Os a Moelle

The menu outside L'Os a Moelle, the ones presented to the customers is just like it this one though...
Destination
Telephone
+33 (0)1 45 57 27 27
Adress
3 Rue Vasco-de-Gama
Avg. rating
75%

L'Os a Moelle is run by Thierry Faucher, one of Christian Constants four disciples from the Hôtel Crillon who has opened Bistronomies in Paris. The main reason for the popularity of this restaurant is the six course dinner for €36. Faucher has some wild ideas so you might not fully appreciate all six courses though...

The waiter defaults to speaking english so you can feel comfortable even if your french is a bit rusty. L'Os a Moelle is situated close to the edge of the south-western part of the city.

Opening hours is Tuesday to Saturday 12.00-14.00 for lunch and 19.00-23.30 for dinner.

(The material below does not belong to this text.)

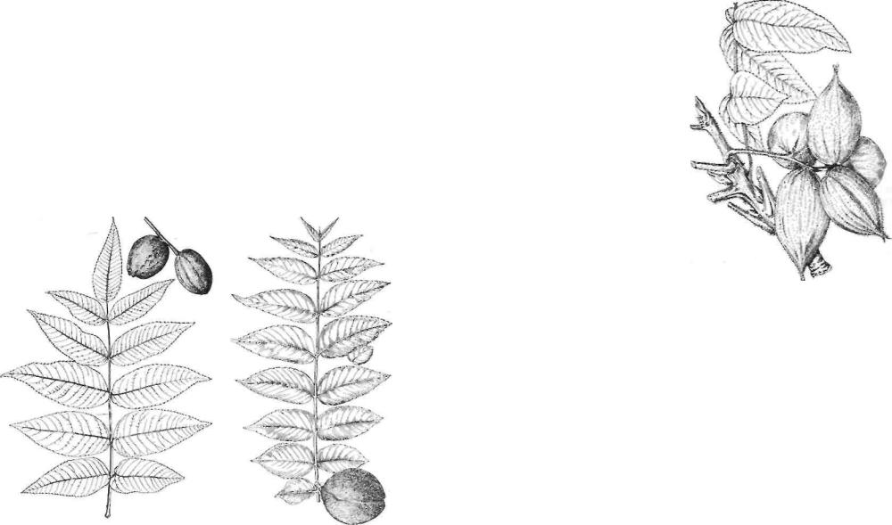 Листья и плод ореха черного. |

The closest Metro is Lourmel on the Vasco-de-Gama exit.

Reviews

Reviewed by Anders Zakrisson on 2008-11-15 Rating: 75%
I had reserved a table for two at L'Os a Moelle for Saturday night at 19.30 and I couldn't help smile when I saw the restaurant on the corner close the Lourmel Metro station. If you don't know what it is you would mistake it for just another local bistro. The chalkboard sign displaying the 5-course menu for €36 is a hint that there's something unusual inside this place. We were greeted by the sommelier behind the bar when we entered and shown to our table in the only room of the restaurant. The next table was just a few inches away and its occupants looked a bit suspicious when I uncovered my camera. The restaurant filled up with a very mixed crowd right after we arrived and it was filled when we left some 2 hours and 40 minutes later.
 
They have no menus in the classic sense, your choices are presented on big chalkboards that the staff carries around the room (and they have one in English, thankfully). The menu is based on a soup, a cold entrée, a main course, an optional bit of cheese and salad and dessert. When looking at the menu nothing feels budget or held back here when compared to the gastronomy restaurants, there's quail, oysters, duck, forest pigeon, foie gras and so on. Every dish has 2-4 choices where some command a premium in the order of €4.
 
We were first treated with a small glass of mushrooms and chorizo soup below some kind of foam. I'm not usually a big fan on mushrooms but this one disappeared in about 2 seconds. The cold leek soup came next, it was presented as a bowl with chorizo slices, crutons and sliced leek. It was light and fresh with the right amount of bite from the chorizo and a few chilli flakes to make it interesting.
 
Next was a chest, thigh and egg from a quail and bacon, coleslaw and some salad. The bacon was very hard fried but had a strong lovely taste which the egg, coleslaw and salad provided some freshness and refuge from.
 
We chose duck and forest pigeon for mains, both commanded a €4 premium. The duck was very delightful with its acacia honey glazed skin, although I was a bit surprised to see the entire foot and claw still attached to the thigh. The pigeon was accompanied by roasted potatoes and wild mushrooms, it was a little bit too rare for us and there were some unidentifiable bits we really didn't want to eat.
 
The optional cheese was a creamy, mild version served to calm you down from the mains, I suppose. It was served with a red baby spinach salad with a light vinaigrette and was the perfect thing to prepare me for the dessert. We had a chocolate dumpling with saffron-sauce and poached apricots with mandarin sorbet. The nougat in the dumpling was one of the best desserts I've ever tasted, the chocolate was creamy and yet firm and in plenty abundance. The poached apricots left more of a mixed impression, sure it was good but it was just not that special. The mandarin sorbet tasted very good and strong but slipped around on the plate when I tried to carve it with my spoon.
 
When all was finished I ordered some espresso with a dash of cream in it. Literally within 10 seconds I had my arabica coffee which was served with a bowl of the best chocolate truffels I've ever had. When I later checked my tab I saw that this cost a total of €3, I believe insane value is appropriate here. The total tab landed on €104 for two with a bottle of Riesling that went well with the mains.
 
Every dish was special and craved for attention without resorting to molecular gastronomy or other spectacular tricks, they are all based in the classic French kitchen but with their own twists. Some work better than other but you can really feel that Faucher has really tried in creating something with every one. The most amazing thing about L'Os a Moelle is the special feeling of a food temple once you enter though; the humble staff, the happy diners, the unpretentious design, the warm atmosphere and the focus on creating a culinary experience in a relaxed setting.